If I'm in Italy, and a German company is breaking some Italian law, then I'm reporting them to the Italian authorities.

I can’t figure out why you’re being simultaneously argumentative and dismissive. But you’re being argumentative and dismissive while talking about a totally different subject than the person you’re replying to.

EU citizens would have reason to be concerned about this. It’s not clear how an EU citizen would deal with this nor is it clear this would even be prohibited since there have been some recent rulings that muddy this. Nor is it even clear there would be a UK response since certain kinds of analytics are fine under UK GDPR.

You’ve taken something very interesting and open to interpretation and reduced it down to circular arguments. That’s boring.

  • I guess if I disagree it seems argumentative, not sure how to disagree without others believing it's argumentative, it kind of is by definition. It isn't my intention. Regardless.

    > > > Hmm the guardian has gone "accept tracking or subscribe".

    > > I didn’t know you were allowed to do that with cookies.

    > UK site. Not in the EU any more.

    This is the initial context for me in this conversation. As I understand things, whether UK is in the EU or not, they can still have laws active in the country that were introduced while the UK was in the EU.

    Then someone said:

    > ... or no one bothers to enforce them any more?
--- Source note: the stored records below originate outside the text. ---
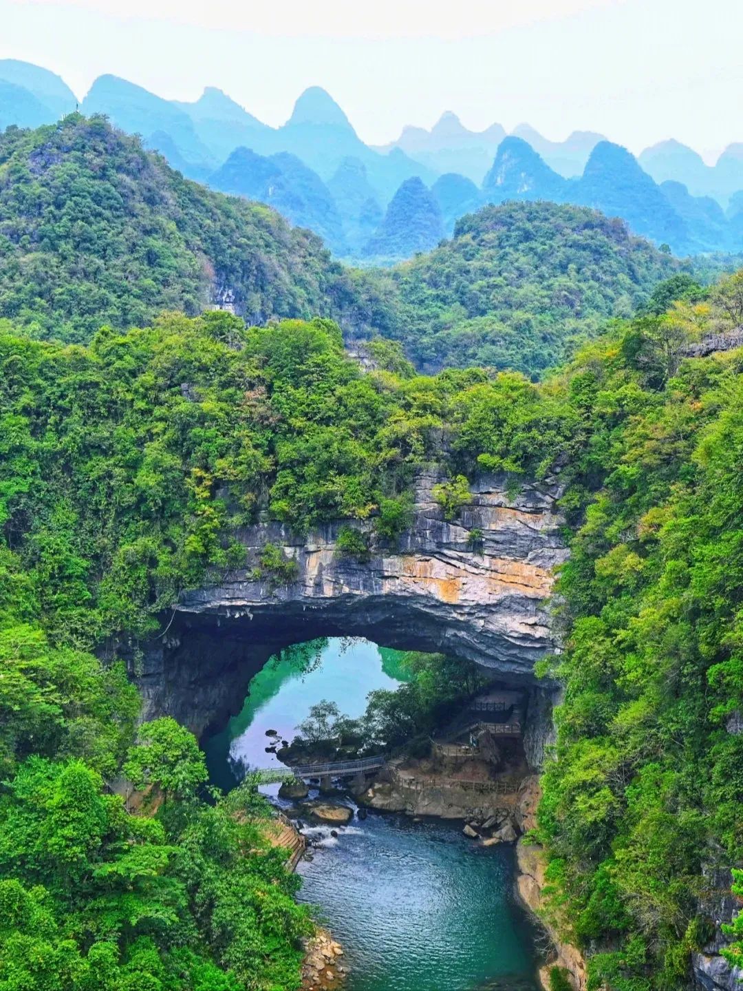 鹿寨香桥岩溶国家地质公园位于柳州市鹿寨县中渡镇,是一座以岩溶地貌景观为主体的地质公园,这里拥有发育典型的喀斯特地貌、独特的地下河洞穴系统、丰富的生物多样性以及美丽的自然景观。地质公园内主要有五个景区,分别是香桥岩溶景区、中渡古镇景区、寨沙侗寨景区、江口自然生态景区和紫荆花观赏景区。每个景区都有其独特的自然和人文景观,如香桥岩溶景区内的香桥岩溶峡谷、天生桥、九龙洞等。
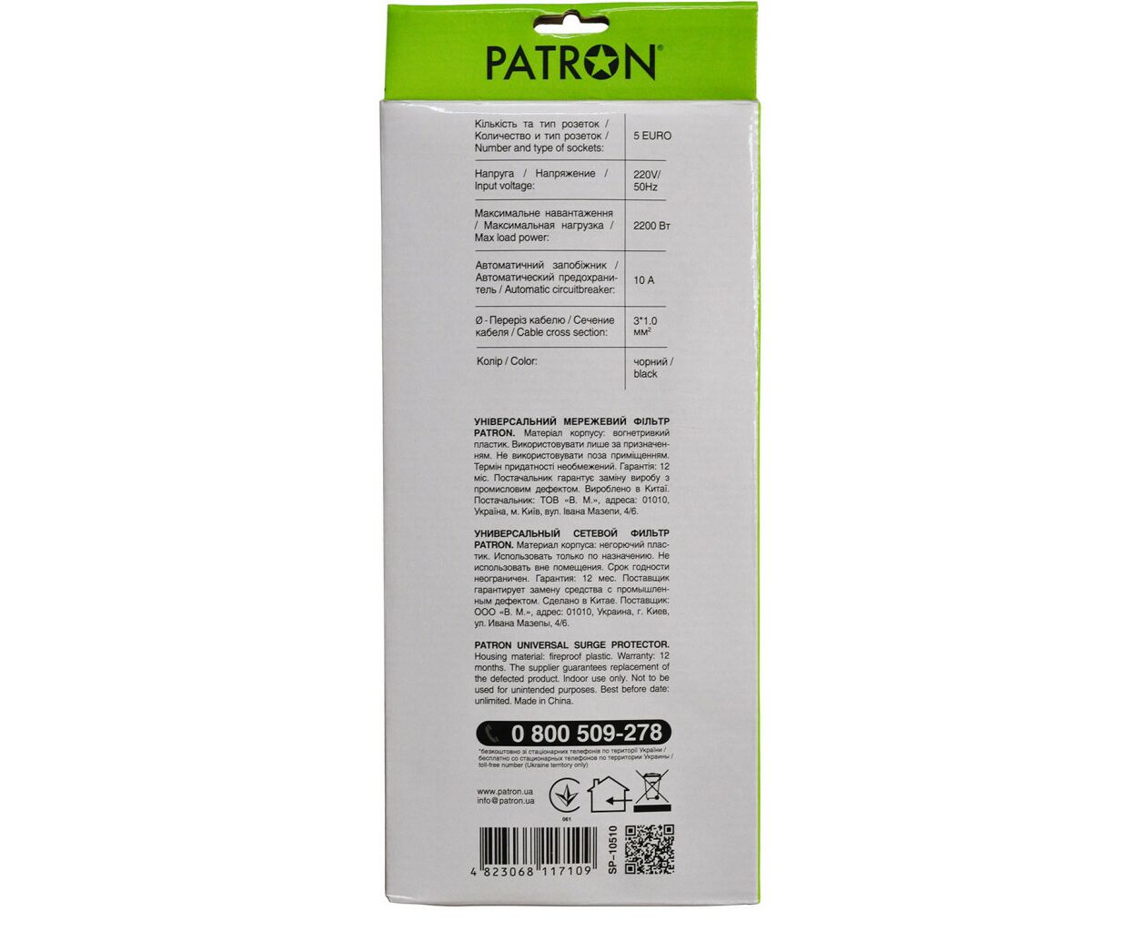 Характеристики Сетевой фильтр питания Patron 10 m3*1mm2 (SP-10510) 5 розеток BLACK (EXT-PN-SP-10510)
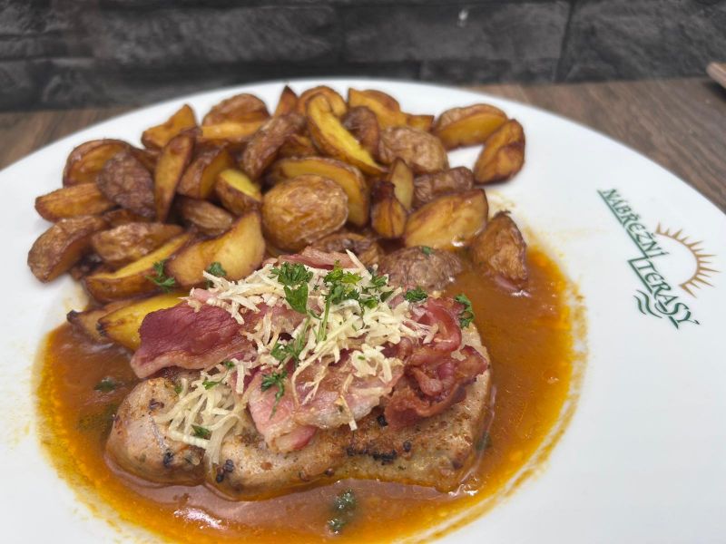150g Kuřecí plátek se šunkou a sýrem s hranolky

    Which I guess is where I lose track a bit of what the actual subject is. We're talking about UK laws, that they may or may not still have as active in the UK, but at that point I already suspect that they're talking about some "EU-wide laws" or similar instead, which for me muddy the waters.

    > Who's going to open a case and where?

    Then this appears, which has obvious answers; if you're a UK citizen and someone broke UK law, you report to UK authorities. If you're from $EU_COUNTRY, then you report it in $EU_COUNTRY.

    If you're in $EU_COUNTRY and UK company breaks your national laws, same applies as for any non-EU country, you report it in $EU_COUNTRY.

    Going back to the initial question, can The Guardian ask "let us track you, or pay to visit this website"? For entities covered by the DMA, the answer is clear: No (so Meta cannot do this, which is why they're changing it). Otherwise, the answer isn't so clear, yet.

    Now I don't know what I'm being dismissive about, I feel like I did my best following how the subject seemingly changed across comments, but I can acknowledge I lost track of the initial questions, for that I apologize. I guess I loose track of the discussion as the questions seems to get less specific, rather than more specific.